On Monday, the courts announced yet another gift to the thugs: Criminal and family-court judges will have to visit a “prison, jail, or other detention facility” at least once a year, starting Jan. 1, 2028.
New York, as usual, will be the only state in the nation with such a wacky, pro-criminal rule.
(It’s also the only state that bans judges from considering the danger a perp poses to the community when weighing whether to release him or her on bail.)
The new rule “keeps judges better connected to what transpires after sentencing,” Wilson preens.
What an insult to New York’s jurists, who overwhelmingly know perfectly well what prison is like.
Indeed, the rules already require quadrennial visits by judges — and they can go more often if they like.
This is also a fresh slap to crime and domestic-violence victims: Why not not require judges to spend some time with them?

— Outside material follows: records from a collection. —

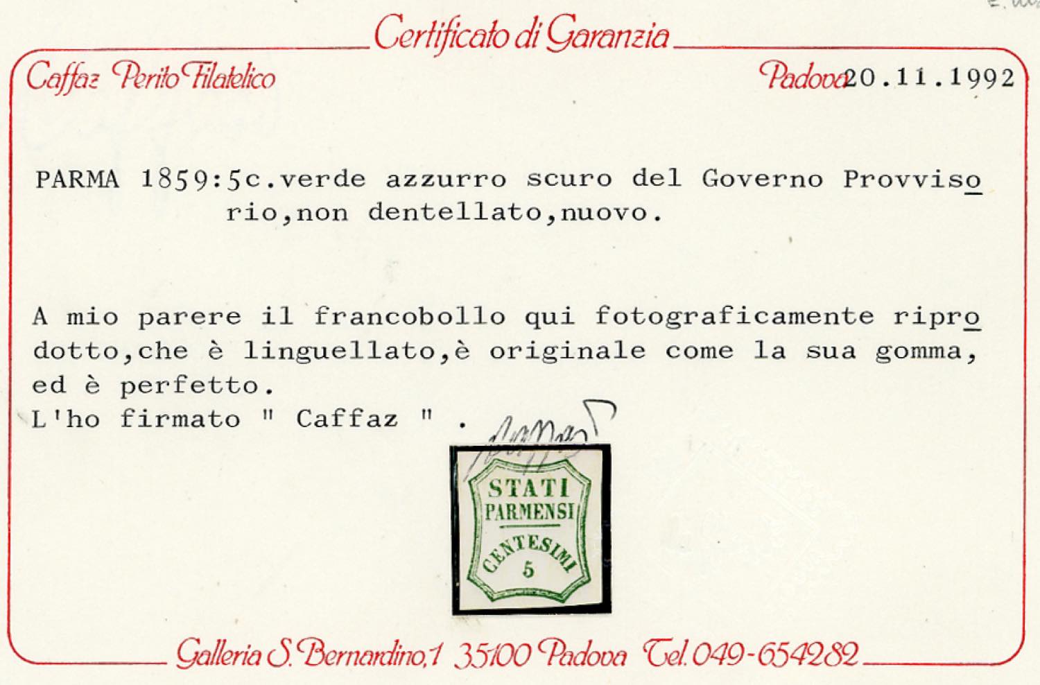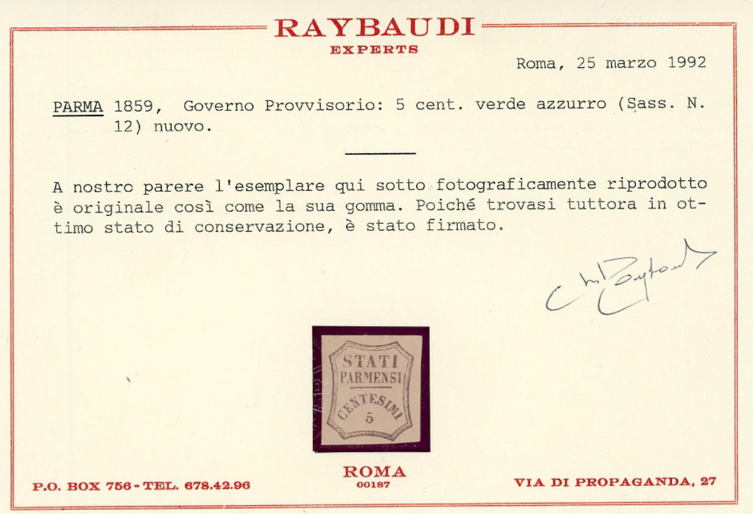 1859 - 5 cent. verde azzurro, I composizione (12), nuovo, gomma originale, perfetto. Emilio Diena, cert. Caffaz. e Raybaudi.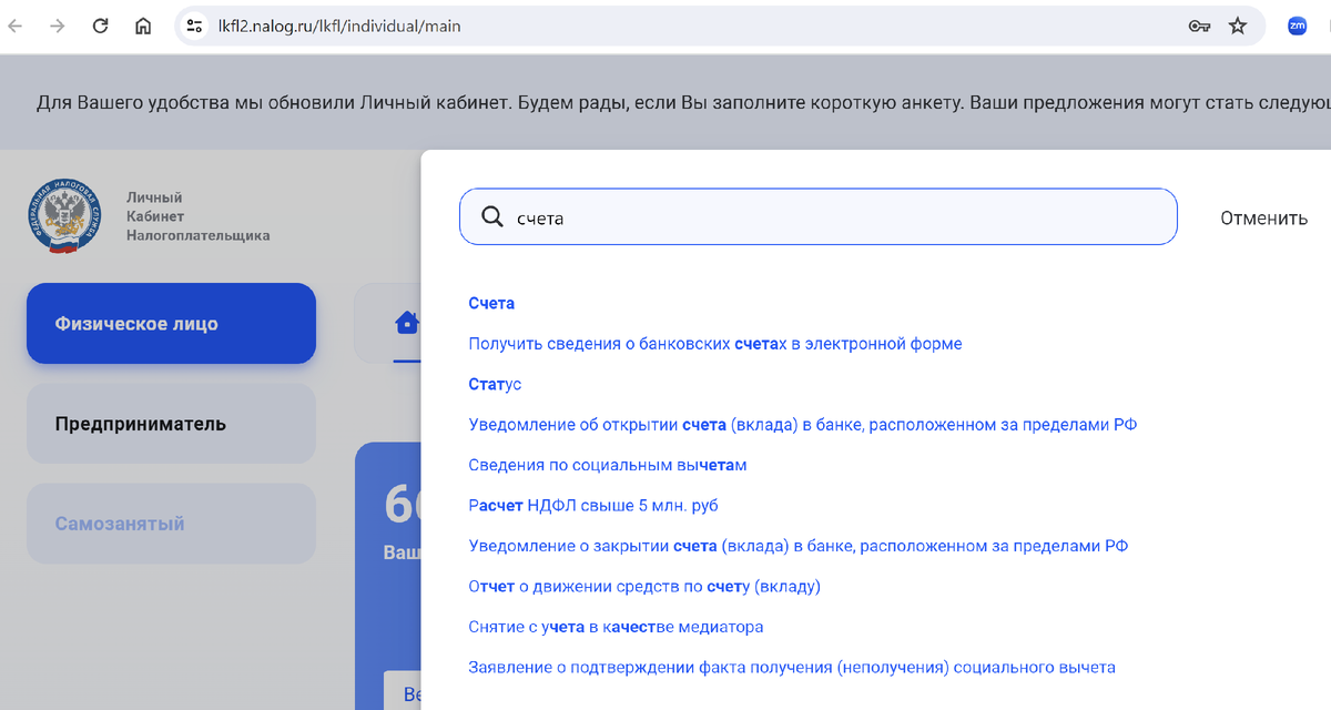А для выяснения, не открыты ли на Вас "левые счета", следует перейти в личный кабинет на сайте Федеральной налоговой службы и набрать в окошке поиска "счета". Затем выбрать "Получить сведения о банковских счетах в электронной форме".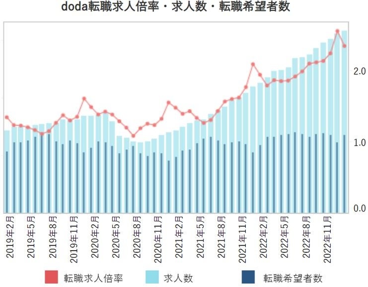 doda転職求人倍率 2023年1月は2.34倍(前月差-0.21ポイント)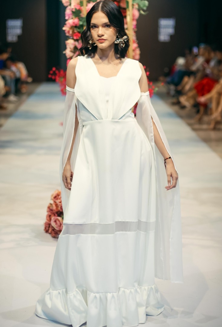 | Detalles | Corte Sirena, Cremallera, Elegante, abertura en espalda, detalle de hoja en pecho, rucha en basta, tira transparente en falda |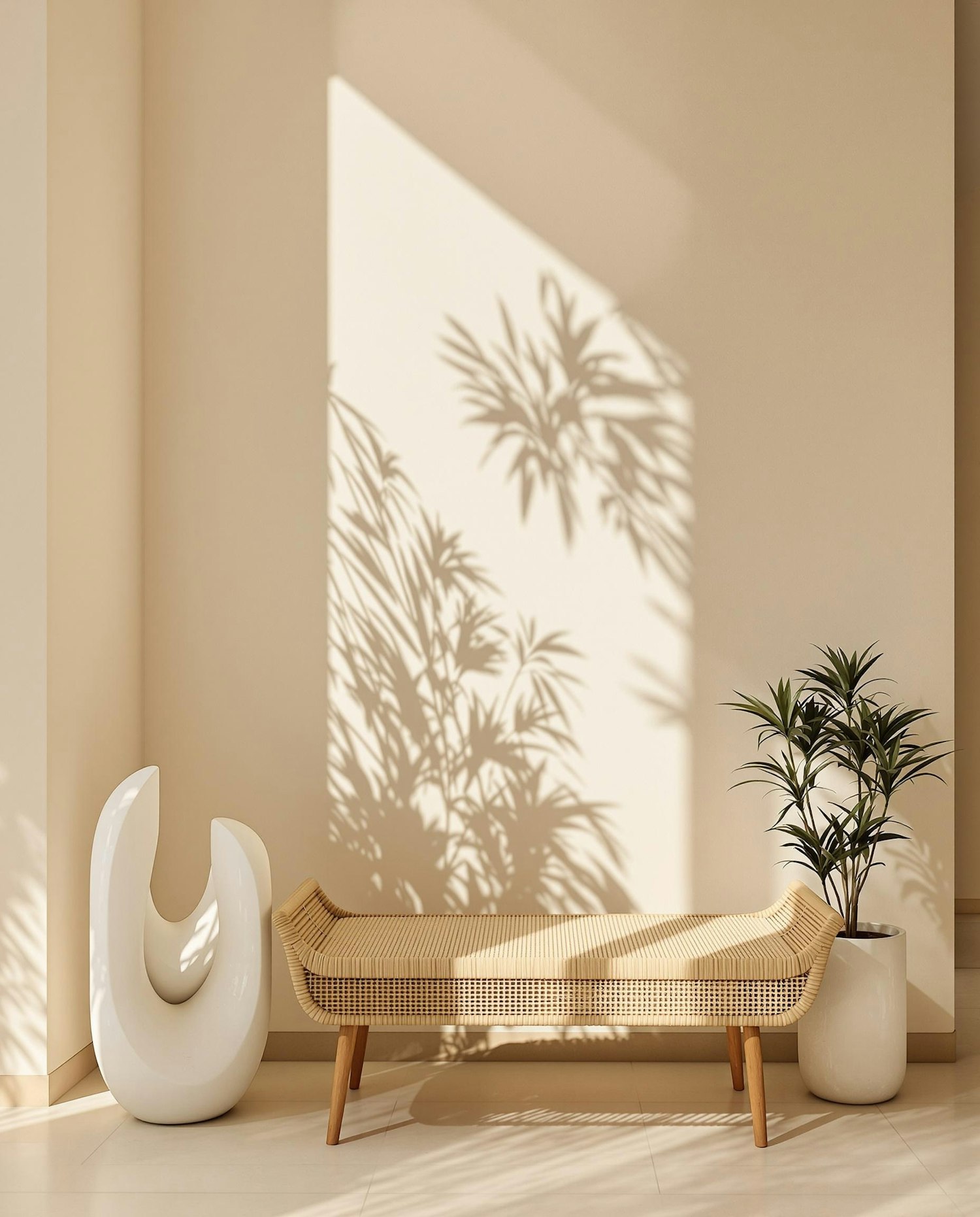 Minimalist interior with a rattan bench, abstract sculpture, and potted plant. Sunlight casts leaf shadows on a beige wall for a serene vibe.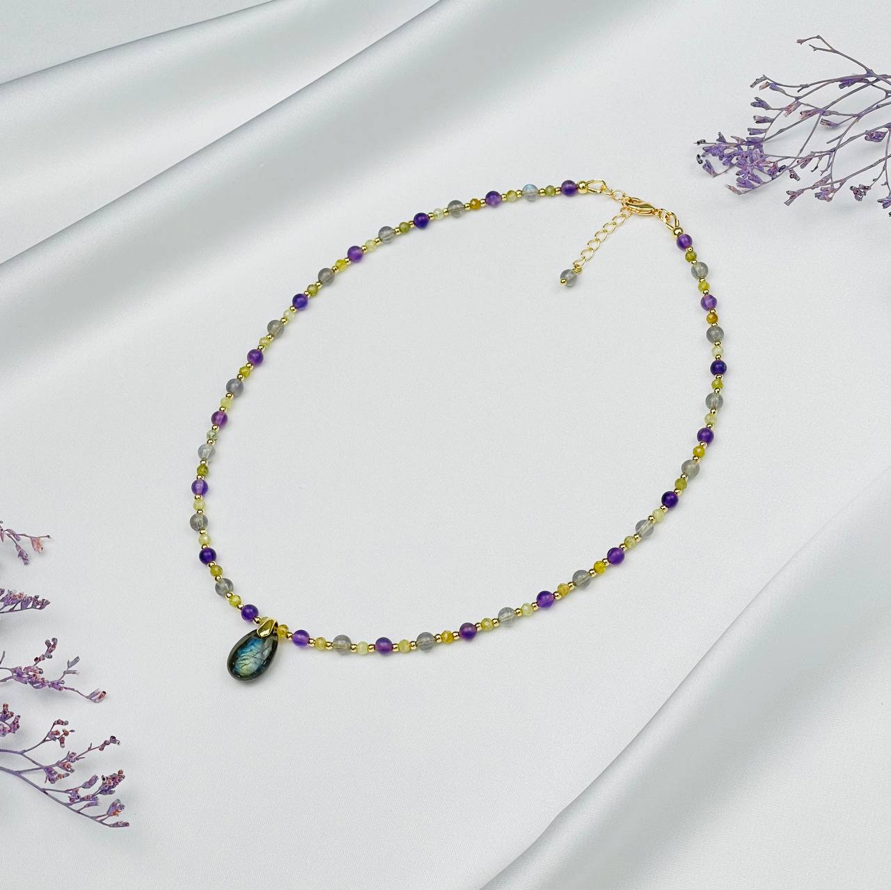 Радуга Самоцветов Колье для "Овна" из Лабрадора, Аметиста и Граната "Гроссуляр"

Make sure jurists know what “transpires” with a subway-assault survivor, a store clerk robbed at gunpoint or the grieving family of a murder victim.
Ramon Acavedo, beaten with a hammer and nearly killed in a 2020 attack at a Chelsea Gristedes, fumed that judges don’t have “to see the harm done to victims and families,” adding that he’s “grateful I’m still alive.’’
Yes, this might make the judges more sympathetic to victims and more likely to toughen sentencing — the opposite of what Rowan & Co. aim to do.
“Justice may be depicted as blind but should not blind itself to reality,” Wilson lectures about a new rule that’s an obvious push for lighter sentences.
Advocates for the “reform” admit that all evidence shows that engaging with convicts boosts sympathy for them.
Which is why pro-every-defendant groups like the Legal Aid Society are cheering.
Hard-left lawmakers forced Gov. Kathy Hochul to tap Wilson because they saw him as reliably liberal and pro-criminal, and not impartial.
He’s delivering — at the expense of law-abiding New Yorkers.